With that alternative in mind, is the design intended to:
(a) Make the protocol more directly modular/extensible, i.e., reduce the need for frequent StarkNet OS upgrades?
(b) Decentralize upgrades to the protocol, i.e., change who has power to make modifications?
(c) Other?
It’s (b), let me elaborate: making any change to the OS is a really big deal, a lot of implications. My suggestion allows any anon to suggest a PP that will become later a CPP, safely. First, the ecosystem will use outside of the OS, and later, after scrutiny and discussion, it’ll be easier to accept into the OS and have the OS rely on it.
Would new CPPs be canonized purely via on-chain tx, or would StarkNet client developers need to release new clients that support a new CPP?

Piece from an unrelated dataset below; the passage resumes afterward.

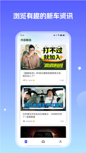 2、选车首页底部新增热门小视频,看车之外看看有趣视频;
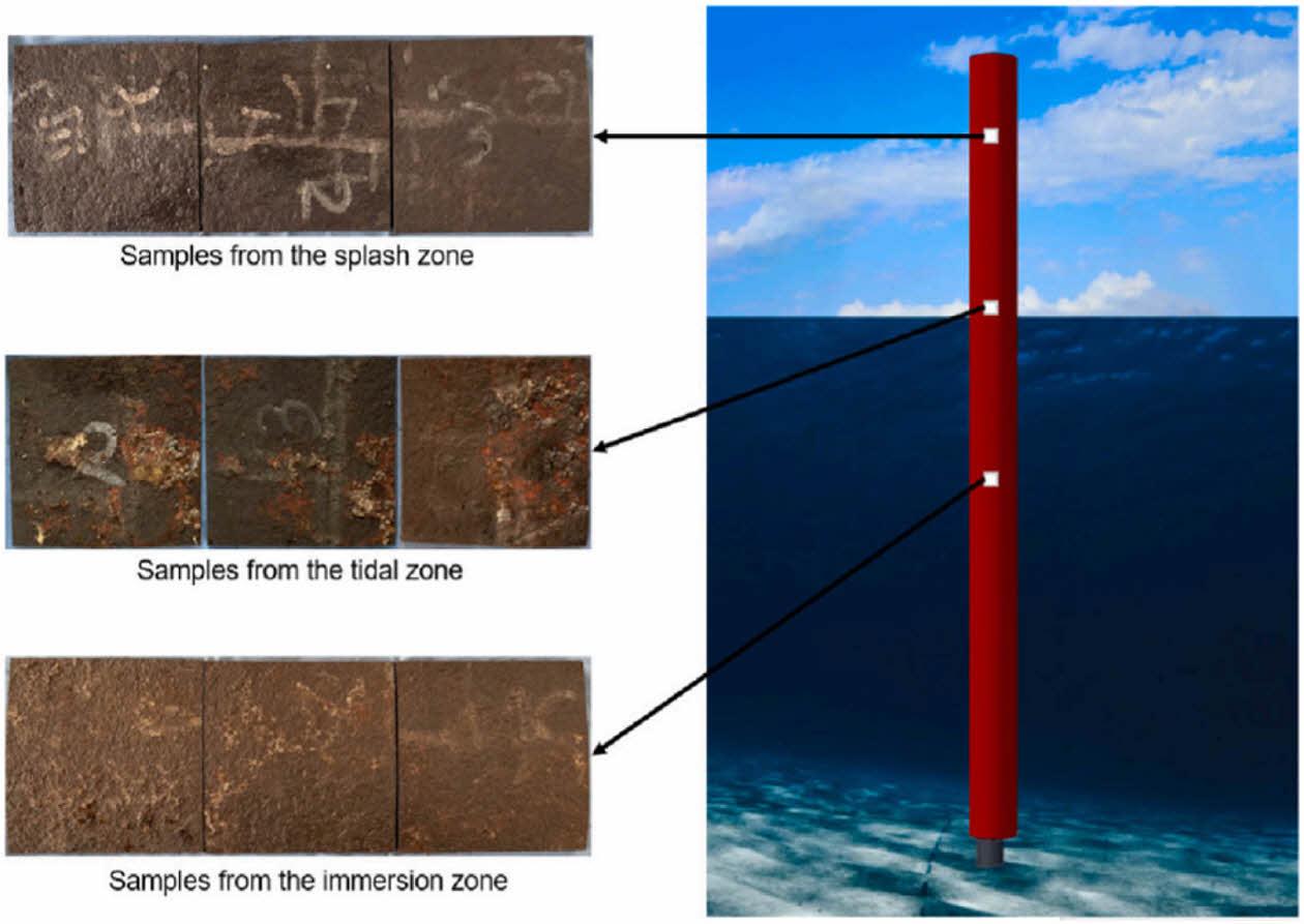 해양 환경에 노출된 강관 말뚝은 비말대, 조간대, 침수대에 노출될 수 있으며 Fig. 10과 같이 부식과 마모를 유발시킨다. 이에 해양 혹은 극한 환경에 노출된 코팅의 표면 변화 및 부식 정도를 파악하기 위한 SEM이미지 분석 사례를 조사하였다.

A good CPP will be something whose output is written into the OS (say, median tx fee / size over past day). Then, some clients will decide to also display/use it. But that really would depend on the specific program executed
How might this quandary be handled? Would CPPs need a way to reserve “worst case” fees from each transactor at the time of their transaction, and later offer refunds?
This is another example of needing to price things now, that will be paid later. This issue also arises with standard StarkNet txs, that are paid for at sequencing time, but loaded onchain in bulk later as part of a proof. Requires more thought… One option is to have a CPP funding pool that funds this. Another point is that some CPPs won’t necessarily cost all that much (like posting median tx).
Sure, I think @bbrandtom had a cool example, I’ll let him share it
Canonized PPs are always run? for all chunks?
Are they uniform in the chunks they run on?
That is, can we correlate the results of different PP programs, because they always relate to the same chunks?
Not entirely clear on the data flow here - is the result of PP, run in the OS, available as input to other transactions? or other PPs?
(also related to the previous point) - do you envision CPPs being composed?
Part of canonization also has to answer this question, i.e., some CPPs may be needed to be run every day, while others might be out there for anyone to use if there’s a need. For example, maybe you don’t need to know the median tx size every day. I do think that a CPP should be deterministic, i.e., that no matter who runs it on a certain chunk, you’ll get the same answer.
I’d say the answer is yes. If the output isn’t consumed by any further app, then no point in having it canonized.
I suppose the answer should be Yes, through the same governance mechanism that got it in there in the first place.
I think we’ll also need to define whether runs can be correlated.
Especially if we want some sort of composition between PPs, or other applications.
I think they should, and therefore simplify the design for this (with a trade off on some loss of generality).
Won’t this create an issue of backward compatibility?
At least you’ll need to track dependencies on PPs, so when you remove a PP, you’ll know what breaks.
Another question:
What if there’s a bug in some CPP, say an unforeseen edge case.
Does this mean proofs for state update (runs of the OS) will fail, until this CPP is fixed/removed?